■ YOUR ASSIGNMENT
Where the data below shows a picture, leave that picture out and copy the rest exactly.
[Opening DATA SEGMENT section]
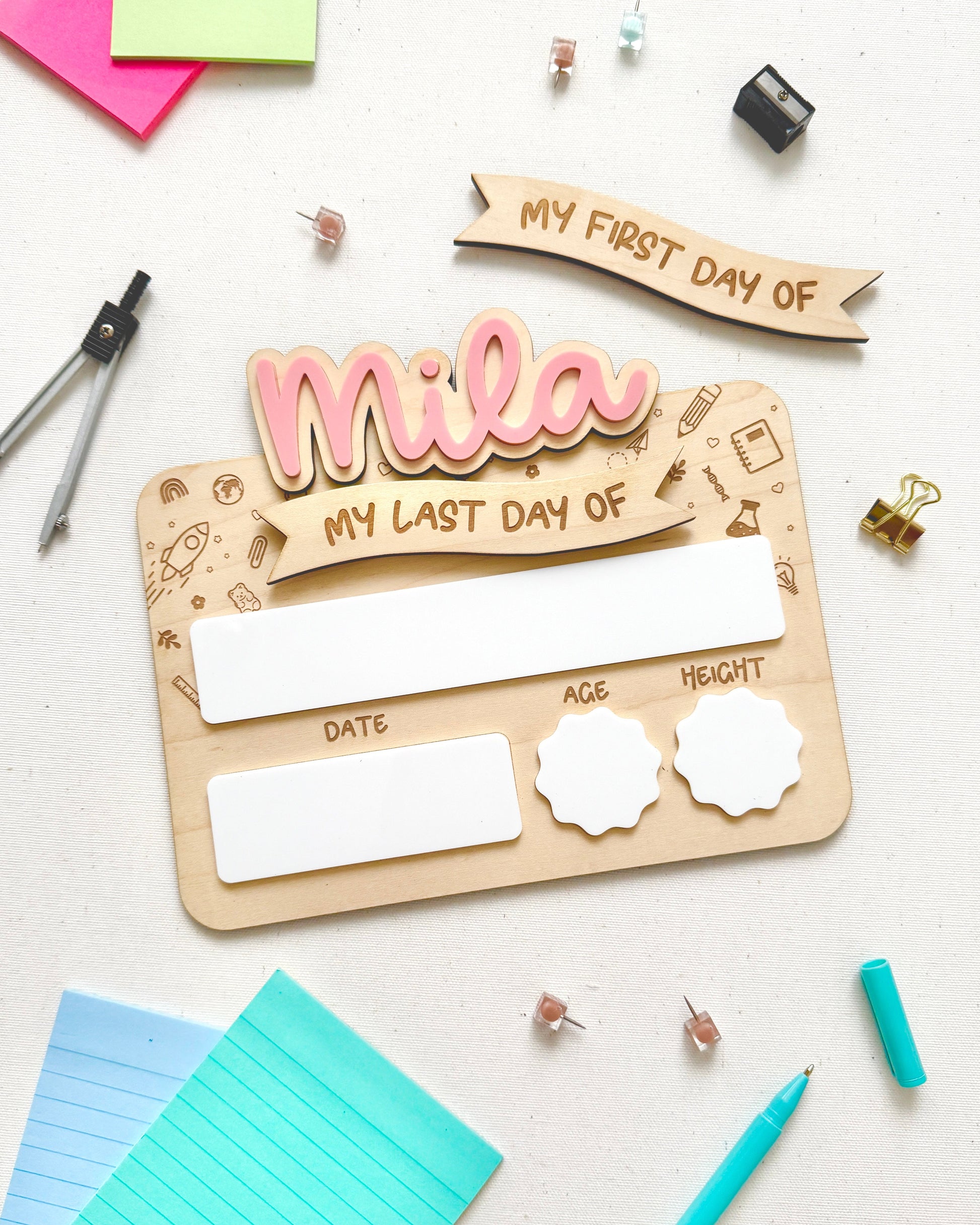 Capture the chaos, charm, and cuteness of your little one's school years with our First & Last Day of School Sign — a photo prop that makes documenting milestones way more fun (and way more adorable). Use it year after year to watch them grow — and laugh at how many times “ninja” makes the list.
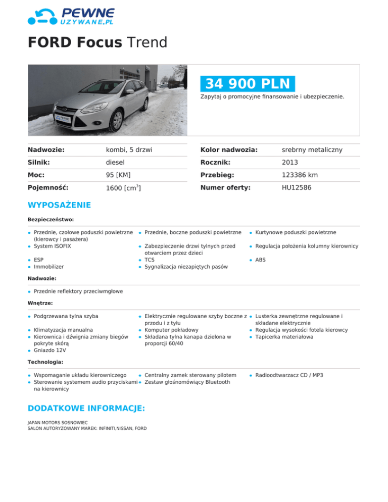 FORD Focus Trend 34 900 PLN Zapytaj o promocyjne finansowanie i ubezpieczenie. Nadwozie: kombi, 5 drzwi Kolor nadwozia: srebrny metaliczny Silnik: diesel Rocznik: 2013 Moc: 95 [KM] Przebieg: 123386 km Pojemność: 1600 [cm ] Numer oferty: HU12586 3 WYPOSAŻENIE Bezpieczeństwo: Przednie, czołowe poduszki powietrzne (kierowcy i pasażera) System ISOFIX ESP Immobilizer Przednie, boczne poduszki powietrzne Kurtynowe poduszki powietrzne Zabezpieczenie drzwi tylnych przed otwarciem przez dzieci TCS Sygnalizacja niezapiętych pasów Regulacja położenia kolumny kierownicy Elektrycznie regulowane szyby boczne z przodu i z tyłu Komputer pokładowy Składana tylna kanapa dzielona w proporcji 60/40 Lusterka zewnętrzne regulowane i składane elektrycznie Regulacja wysokości fotela kierowcy Tapicerka materiałowa Centralny zamek sterowany pilotem Zestaw głośnomówiący Bluetooth Radioodtwarzacz CD / MP3 ABS Nadwozie: Przednie reflektory przeciwmgłowe Wnętrze: Podgrzewana tylna szyba Klimatyzacja manualna Kierownica i dźwignia zmiany biegów pokryte skórą Gniazdo 12V Technologia: Wspomaganie układu kierowniczego Sterowanie systemem audio przyciskami na kierownicy DODATKOWE INFORMACJE: JAPAN MOTORS SOSNOWIEC SALON AUTORYZOWANY MAREK: INFINITI,NISSAN, FORD FORD Focus Trend DZIAŁ SPRZEDAŻY SAMOCHODÓW UŻYWANYCH WIĘCEJSZCZEGÓŁOWYCH INFORMACJI O OFERCIE UZYSKASZ DZWONIĄC DO NASZYCHDORADCÓW: Stępień Konrad – 667-071-253 Adam Musialik – 667-071-110 Samochody z naszej oferty sprzedawane są z opcją OCHRONYKOSZTÓW SERWISOWYCH na rok lub dwa lata. O szczegóły zapytajdoradcę! Przed zaoferowaniem samochodu do sprzedaży stantechniczny auta określamy na podstawie przeglądu przedsprzedażnego. Przegląd wykonywany w JAPAN MOTORS SOSNOWIEC - serwisautoryzowany marek: Infiniti/Nissan/Ford. Zapraszamy donaszego salonu w godzinach: • Pn - Pt: 9:30-18 • Sob:9:00-14 Możliwość zostawienia auta w rozliczeniu. Niniejszeogłoszenie jest wyłącznie informacją handlową i nie stanowioferty w myśl art. 66, § 1. Kodeksu Cywilnego. Sprzedający nieodpowiada za ewentualne błędy lub nieaktualność ogłoszenia.” –Potrzebujesz więcej informacji - skontaktuj się ze sprzedawcą. Pewne Używane Sosnowiec ul. Stawowa 2, tel.:32 721 00 72 www.blog.pgd.pl Nota prawna Dane zawarte w niniejszej propozycji handlowej mają wyłącznie charakter informacyjny. Podane informacje nie stanowią oferty ani zapewnienia, w szczególności w rozumieniu art. 66 § 1 oraz art. 5561 Kodeksu cywilnego. Wiążące ustalenie ceny, wyposażenia oraz specyfikacji samochodu następuje w pisemnej umowie sprzedaży/zamówienia samochodu. Ze względu na ograniczenia techniczne (np. odwzorowanie kolorów przez monitor lub sposób wydruku), kolory przedstawione w niniejszej propozycji handlowej mogą się różnić od rzeczywistych kolorów nadwozia i tapicerki. Niniejsza propozycja handlowa oraz wszelkie załączniki z nią związane są poufne i nie mogą być przekazywane osobom trzecim. Prezentowane zdjęcia mogą zawierać wyposażenie opcjonalne (akcesoryjne), dodatkowo płatne. Warunki oferty maja charakter orientacyjny i mogą zostać zmienione w momencie uaktualnienia cen lub warunków promocji.
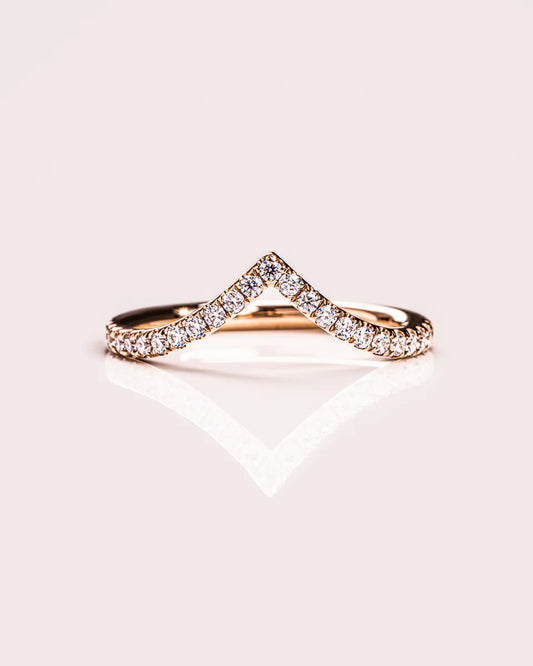 V Shape Unique Matching Band Gold Lab Diamond Engagement Wedding Band
[Closing DATA SEGMENT section]
■ RESULT FOR THIS EXERCISE
 Capture the chaos, charm, and cuteness of your little one's school years with our First & Last Day of School Sign — a photo prop that makes documenting milestones way more fun (and way more adorable). Use it year after year to watch them grow — and laugh at how many times “ninja” makes the list.
 FORD Focus Trend 34 900 PLN Zapytaj o promocyjne finansowanie i ubezpieczenie. Nadwozie: kombi, 5 drzwi Kolor nadwozia: srebrny metaliczny Silnik: diesel Rocznik: 2013 Moc: 95 [KM] Przebieg: 123386 km Pojemność: 1600 [cm ] Numer oferty: HU12586 3 WYPOSAŻENIE Bezpieczeństwo: Przednie, czołowe poduszki powietrzne (kierowcy i pasażera) System ISOFIX ESP Immobilizer Przednie, boczne poduszki powietrzne Kurtynowe poduszki powietrzne Zabezpieczenie drzwi tylnych przed otwarciem przez dzieci TCS Sygnalizacja niezapiętych pasów Regulacja położenia kolumny kierownicy Elektrycznie regulowane szyby boczne z przodu i z tyłu Komputer pokładowy Składana tylna kanapa dzielona w proporcji 60/40 Lusterka zewnętrzne regulowane i składane elektrycznie Regulacja wysokości fotela kierowcy Tapicerka materiałowa Centralny zamek sterowany pilotem Zestaw głośnomówiący Bluetooth Radioodtwarzacz CD / MP3 ABS Nadwozie: Przednie reflektory przeciwmgłowe Wnętrze: Podgrzewana tylna szyba Klimatyzacja manualna Kierownica i dźwignia zmiany biegów pokryte skórą Gniazdo 12V Technologia: Wspomaganie układu kierowniczego Sterowanie systemem audio przyciskami na kierownicy DODATKOWE INFORMACJE: JAPAN MOTORS SOSNOWIEC SALON AUTORYZOWANY MAREK: INFINITI,NISSAN, FORD FORD Focus Trend DZIAŁ SPRZEDAŻY SAMOCHODÓW UŻYWANYCH WIĘCEJSZCZEGÓŁOWYCH INFORMACJI O OFERCIE UZYSKASZ DZWONIĄC DO NASZYCHDORADCÓW: Stępień Konrad – 667-071-253 Adam Musialik – 667-071-110 Samochody z naszej oferty sprzedawane są z opcją OCHRONYKOSZTÓW SERWISOWYCH na rok lub dwa lata. O szczegóły zapytajdoradcę! Przed zaoferowaniem samochodu do sprzedaży stantechniczny auta określamy na podstawie przeglądu przedsprzedażnego. Przegląd wykonywany w JAPAN MOTORS SOSNOWIEC - serwisautoryzowany marek: Infiniti/Nissan/Ford. Zapraszamy donaszego salonu w godzinach: • Pn - Pt: 9:30-18 • Sob:9:00-14 Możliwość zostawienia auta w rozliczeniu. Niniejszeogłoszenie jest wyłącznie informacją handlową i nie stanowioferty w myśl art. 66, § 1. Kodeksu Cywilnego. Sprzedający nieodpowiada za ewentualne błędy lub nieaktualność ogłoszenia.” –Potrzebujesz więcej informacji - skontaktuj się ze sprzedawcą. Pewne Używane Sosnowiec ul. Stawowa 2, tel.:32 721 00 72 www.blog.pgd.pl Nota prawna Dane zawarte w niniejszej propozycji handlowej mają wyłącznie charakter informacyjny. Podane informacje nie stanowią oferty ani zapewnienia, w szczególności w rozumieniu art. 66 § 1 oraz art. 5561 Kodeksu cywilnego. Wiążące ustalenie ceny, wyposażenia oraz specyfikacji samochodu następuje w pisemnej umowie sprzedaży/zamówienia samochodu. Ze względu na ograniczenia techniczne (np. odwzorowanie kolorów przez monitor lub sposób wydruku), kolory przedstawione w niniejszej propozycji handlowej mogą się różnić od rzeczywistych kolorów nadwozia i tapicerki. Niniejsza propozycja handlowa oraz wszelkie załączniki z nią związane są poufne i nie mogą być przekazywane osobom trzecim. Prezentowane zdjęcia mogą zawierać wyposażenie opcjonalne (akcesoryjne), dodatkowo płatne. Warunki oferty maja charakter orientacyjny i mogą zostać zmienione w momencie uaktualnienia cen lub warunków promocji.
 V Shape Unique Matching Band Gold Lab Diamond Engagement Wedding Band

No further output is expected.